__Task brief__
When you repeat the entries, reproduce each line exactly and omit every picture.

__Data__
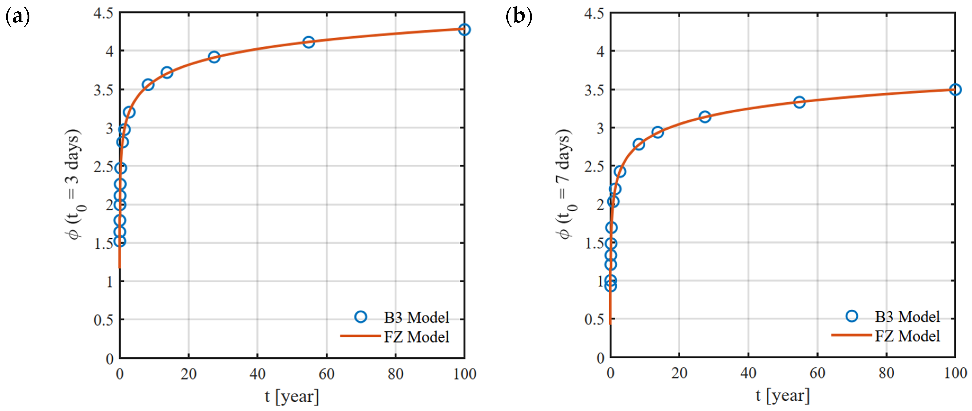 Section 2. Unlike the B3 model, the applied fractional Zener model is described by differential equations. As a result, it allows not only for the generation of creep curves but also for the simulation of the material’s response to arbitrary loading conditions. The model enables the analysis of creep, relaxation, and cyclic loading, which will be further developed and elaborated upon in the authors’ forthcoming papers.
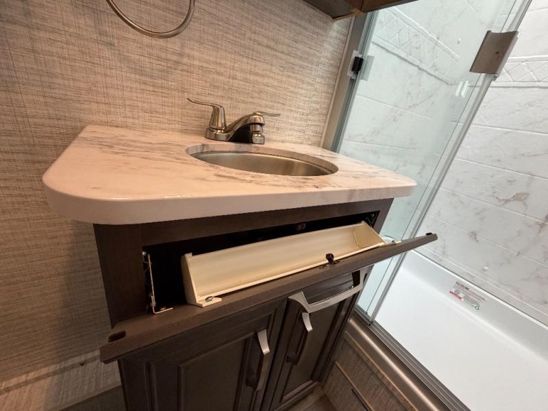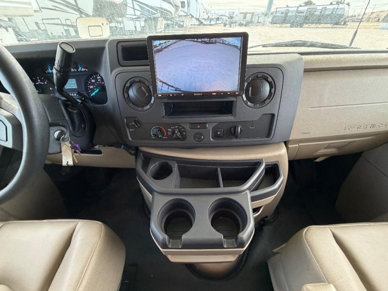 With any Greyhawk Class C gas motorhome by Jayco you will experience smooth sailing thanks to the JRIDE PLUS that comes with Koni shock absorbers, a computer-balanced driveshaft, Hellwig helper springs, and more. The Ford E-450 chassis with a 7.3L V8 325 HP engine will power your excursions, and you'll appreciate the added safety features for your peace of mind. Each model features a Sony infotainment center with Apple CarPlay and Android Auto, backup and side-view cameras, and a tire pressure monitor system the driver is sure to appreciate. Durable construction begins with Stronghold VBL roof, floor and sidewalls, bead-foam insulation, and a one-piece seamless fiberglass front cap. Head inside to find blackout night roller shades, LED-lit pressed countertops, an 84" interior ceiling height, and hardwood cabinet doors and drawers.
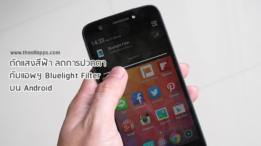 นอกจากนี้ Bluelight Filter ยังมีฟิลเตอร์ให้เลือกใช้งานถึง 5 สี และเปิด/ปิดแอพฯได้ง่าย ด้วยการเปิด/ปิดจากแถบของ Notifications Bar ที่สามารถลากลงมาจากด้านบนของหน้าจอได้ตลอดเวลา
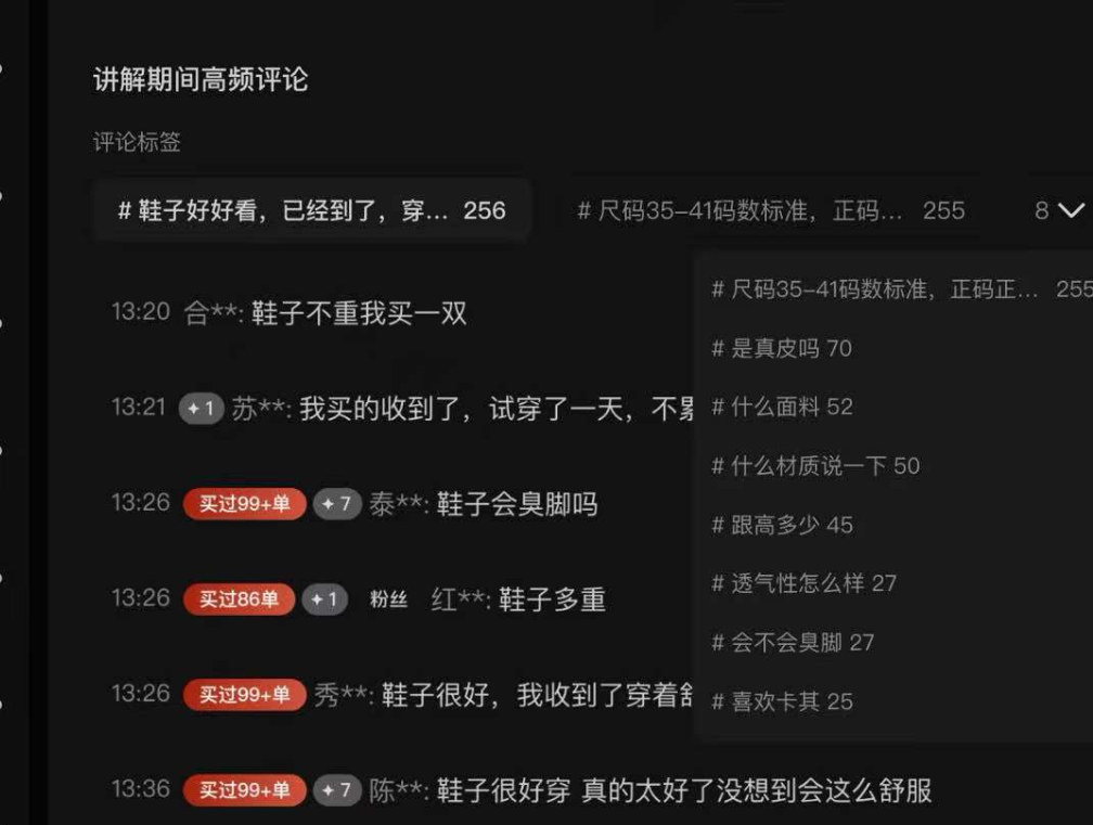 直播期间跟商品相关的高频评论会被总结出来聚合展示
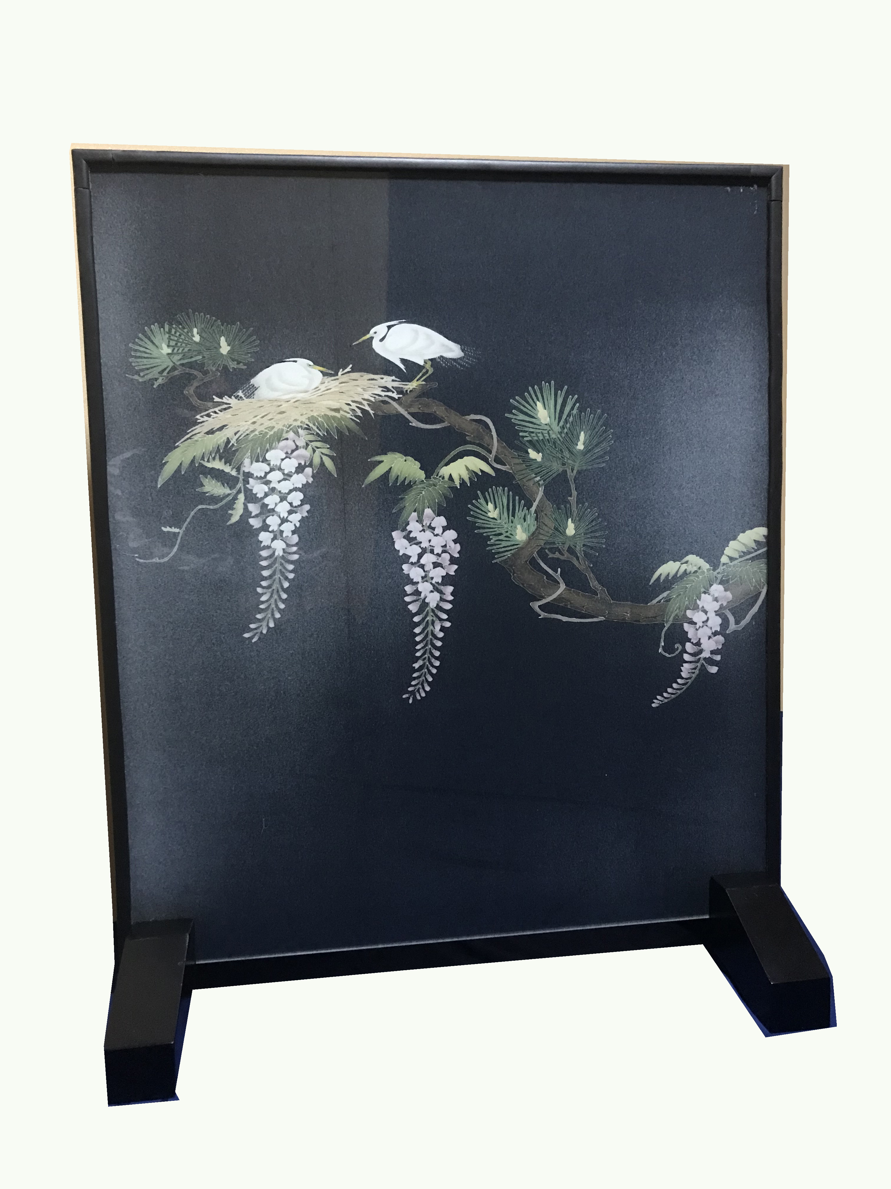 ・作品名:ガラス衝立「鷺の巣ごもり」
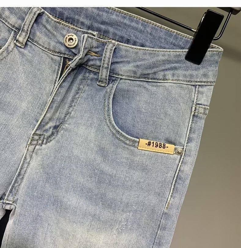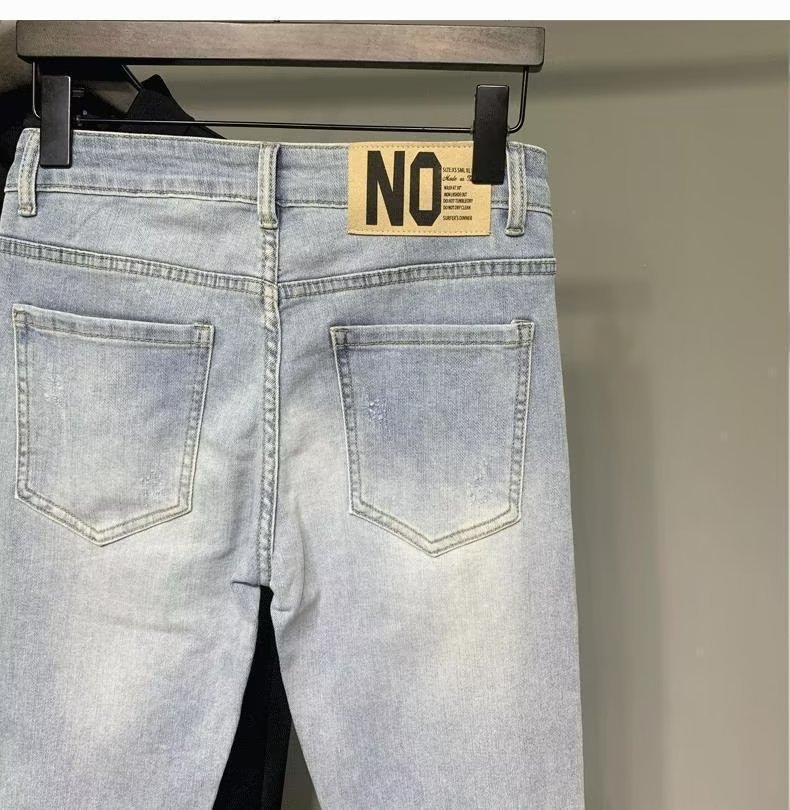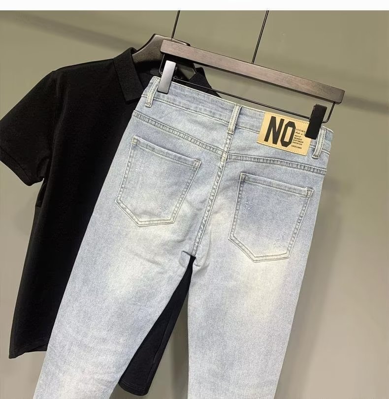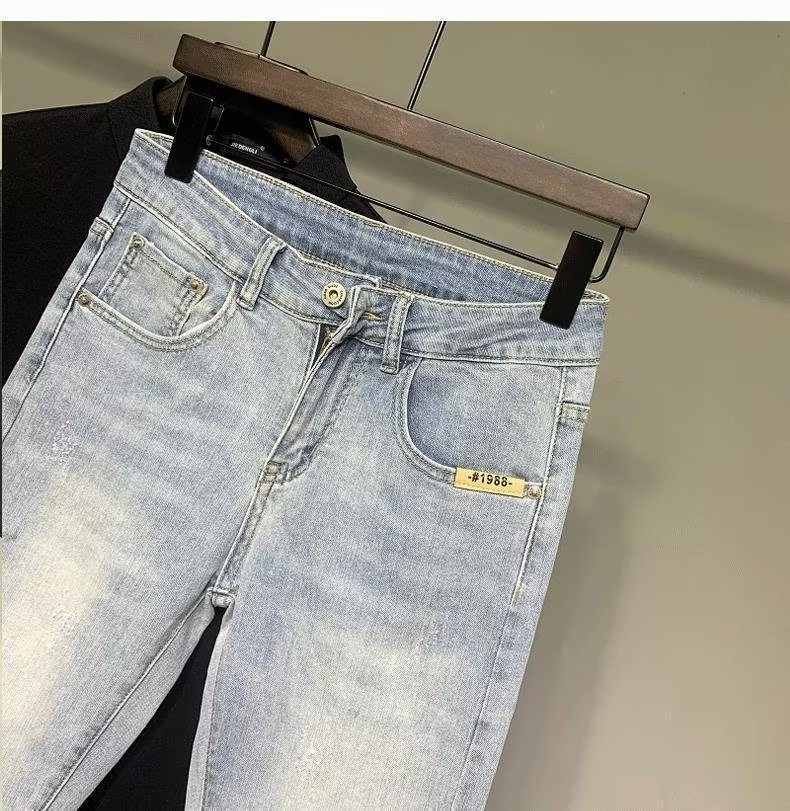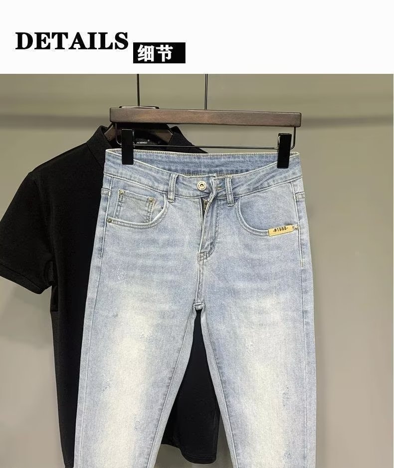 라이트 블루 씻은 청바지 남자 한국 스타일 슬림 핏 스트레치 스키니 팬츠 2024 봄과 가을 남자 하렘 바지스토어 가기

__Task result__
 Section 2. Unlike the B3 model, the applied fractional Zener model is described by differential equations. As a result, it allows not only for the generation of creep curves but also for the simulation of the material’s response to arbitrary loading conditions. The model enables the analysis of creep, relaxation, and cyclic loading, which will be further developed and elaborated upon in the authors’ forthcoming papers.
 With any Greyhawk Class C gas motorhome by Jayco you will experience smooth sailing thanks to the JRIDE PLUS that comes with Koni shock absorbers, a computer-balanced driveshaft, Hellwig helper springs, and more. The Ford E-450 chassis with a 7.3L V8 325 HP engine will power your excursions, and you'll appreciate the added safety features for your peace of mind. Each model features a Sony infotainment center with Apple CarPlay and Android Auto, backup and side-view cameras, and a tire pressure monitor system the driver is sure to appreciate. Durable construction begins with Stronghold VBL roof, floor and sidewalls, bead-foam insulation, and a one-piece seamless fiberglass front cap. Head inside to find blackout night roller shades, LED-lit pressed countertops, an 84" interior ceiling height, and hardwood cabinet doors and drawers.
 นอกจากนี้ Bluelight Filter ยังมีฟิลเตอร์ให้เลือกใช้งานถึง 5 สี และเปิด/ปิดแอพฯได้ง่าย ด้วยการเปิด/ปิดจากแถบของ Notifications Bar ที่สามารถลากลงมาจากด้านบนของหน้าจอได้ตลอดเวลา
 直播期间跟商品相关的高频评论会被总结出来聚合展示
 ・作品名:ガラス衝立「鷺の巣ごもり」
 라이트 블루 씻은 청바지 남자 한국 스타일 슬림 핏 스트레치 스키니 팬츠 2024 봄과 가을 남자 하렘 바지스토어 가기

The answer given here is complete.